◆ What is expected: Taking the line with "W dniu 17.04.20026" as the first and the line with "The fine art" as the last, set down the lines below exactly, pictures excluded.

◆ Provided records:
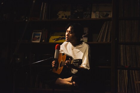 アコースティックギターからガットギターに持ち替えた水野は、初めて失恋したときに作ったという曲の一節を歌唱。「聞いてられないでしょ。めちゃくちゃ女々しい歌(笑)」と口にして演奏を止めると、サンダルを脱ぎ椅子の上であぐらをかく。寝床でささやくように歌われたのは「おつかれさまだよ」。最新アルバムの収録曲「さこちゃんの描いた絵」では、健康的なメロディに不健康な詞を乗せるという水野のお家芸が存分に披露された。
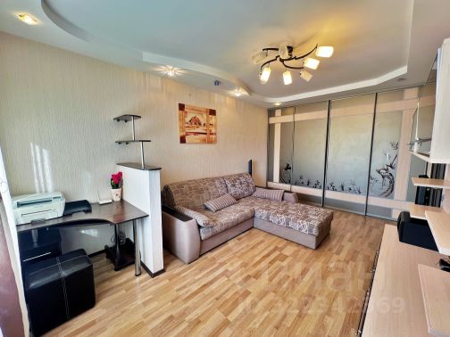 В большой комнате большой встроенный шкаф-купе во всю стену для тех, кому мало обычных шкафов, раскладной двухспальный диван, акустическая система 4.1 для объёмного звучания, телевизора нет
==
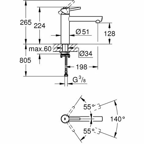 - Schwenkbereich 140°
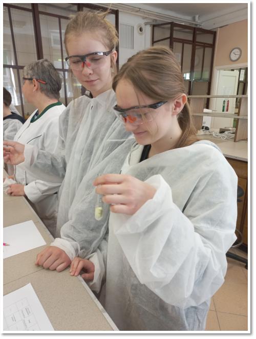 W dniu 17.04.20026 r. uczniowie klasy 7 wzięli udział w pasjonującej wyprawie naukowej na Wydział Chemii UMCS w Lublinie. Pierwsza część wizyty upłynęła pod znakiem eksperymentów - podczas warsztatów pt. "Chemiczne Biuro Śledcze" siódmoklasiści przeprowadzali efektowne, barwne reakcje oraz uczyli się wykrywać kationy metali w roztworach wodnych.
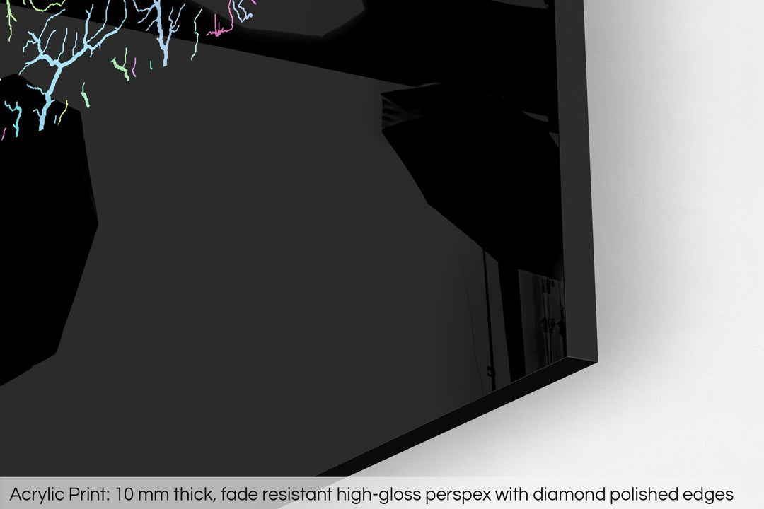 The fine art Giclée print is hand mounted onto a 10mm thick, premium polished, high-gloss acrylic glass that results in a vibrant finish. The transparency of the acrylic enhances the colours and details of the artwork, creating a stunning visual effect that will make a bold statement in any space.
--
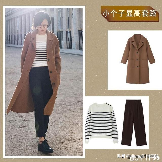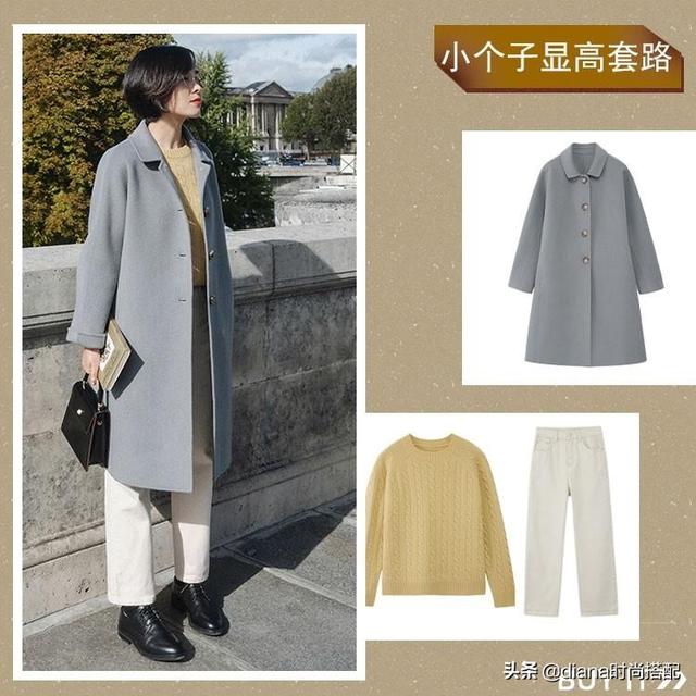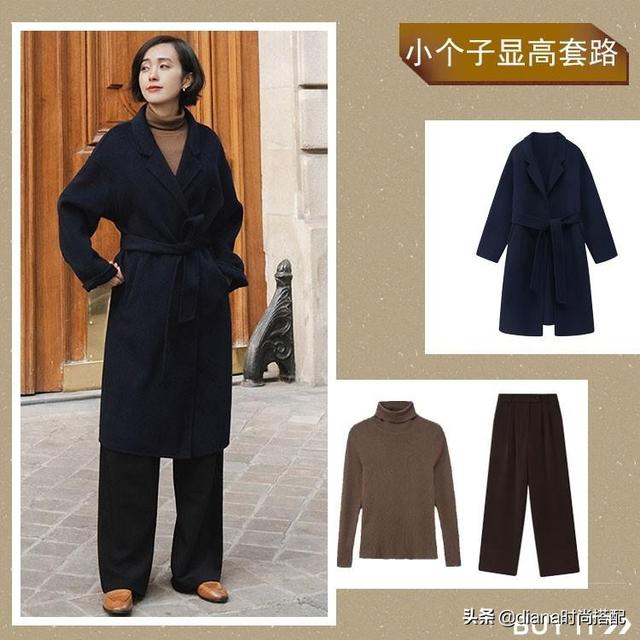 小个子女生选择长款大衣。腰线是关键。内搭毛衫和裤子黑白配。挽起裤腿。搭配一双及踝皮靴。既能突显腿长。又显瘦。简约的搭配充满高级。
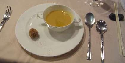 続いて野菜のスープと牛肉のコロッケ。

◆ Answer box:
 W dniu 17.04.20026 r. uczniowie klasy 7 wzięli udział w pasjonującej wyprawie naukowej na Wydział Chemii UMCS w Lublinie. Pierwsza część wizyty upłynęła pod znakiem eksperymentów - podczas warsztatów pt. "Chemiczne Biuro Śledcze" siódmoklasiści przeprowadzali efektowne, barwne reakcje oraz uczyli się wykrywać kationy metali w roztworach wodnych.
 The fine art Giclée print is hand mounted onto a 10mm thick, premium polished, high-gloss acrylic glass that results in a vibrant finish. The transparency of the acrylic enhances the colours and details of the artwork, creating a stunning visual effect that will make a bold statement in any space.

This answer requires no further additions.